ABOUT THIS TASK → The material below contains a line with "5円パチスロにも多くのプレイヤーが集まっており、機種を問わず活気づいていた。" and a line with "Dekoráld otthonod a". Copy exactly those two lines and all lines between them.

EXERCISE DATA →
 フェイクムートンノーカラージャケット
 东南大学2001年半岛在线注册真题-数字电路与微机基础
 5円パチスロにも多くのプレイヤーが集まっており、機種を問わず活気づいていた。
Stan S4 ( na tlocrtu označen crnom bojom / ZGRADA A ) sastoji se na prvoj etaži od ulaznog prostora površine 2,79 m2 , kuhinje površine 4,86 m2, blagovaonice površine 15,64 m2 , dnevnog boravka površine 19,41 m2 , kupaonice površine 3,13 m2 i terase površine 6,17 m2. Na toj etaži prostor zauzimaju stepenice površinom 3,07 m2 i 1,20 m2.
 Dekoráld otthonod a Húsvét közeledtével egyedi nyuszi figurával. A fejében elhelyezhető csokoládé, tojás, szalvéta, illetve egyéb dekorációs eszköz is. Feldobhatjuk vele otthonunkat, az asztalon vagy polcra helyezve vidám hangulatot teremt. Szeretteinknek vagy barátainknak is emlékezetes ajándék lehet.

...

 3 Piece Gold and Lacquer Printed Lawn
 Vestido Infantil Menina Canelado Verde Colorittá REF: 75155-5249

YOUR RESPONSE →
 5円パチスロにも多くのプレイヤーが集まっており、機種を問わず活気づいていた。
Stan S4 ( na tlocrtu označen crnom bojom / ZGRADA A ) sastoji se na prvoj etaži od ulaznog prostora površine 2,79 m2 , kuhinje površine 4,86 m2, blagovaonice površine 15,64 m2 , dnevnog boravka površine 19,41 m2 , kupaonice površine 3,13 m2 i terase površine 6,17 m2. Na toj etaži prostor zauzimaju stepenice površinom 3,07 m2 i 1,20 m2.
 Dekoráld otthonod a Húsvét közeledtével egyedi nyuszi figurával. A fejében elhelyezhető csokoládé, tojás, szalvéta, illetve egyéb dekorációs eszköz is. Feldobhatjuk vele otthonunkat, az asztalon vagy polcra helyezve vidám hangulatot teremt. Szeretteinknek vagy barátainknak is emlékezetes ajándék lehet.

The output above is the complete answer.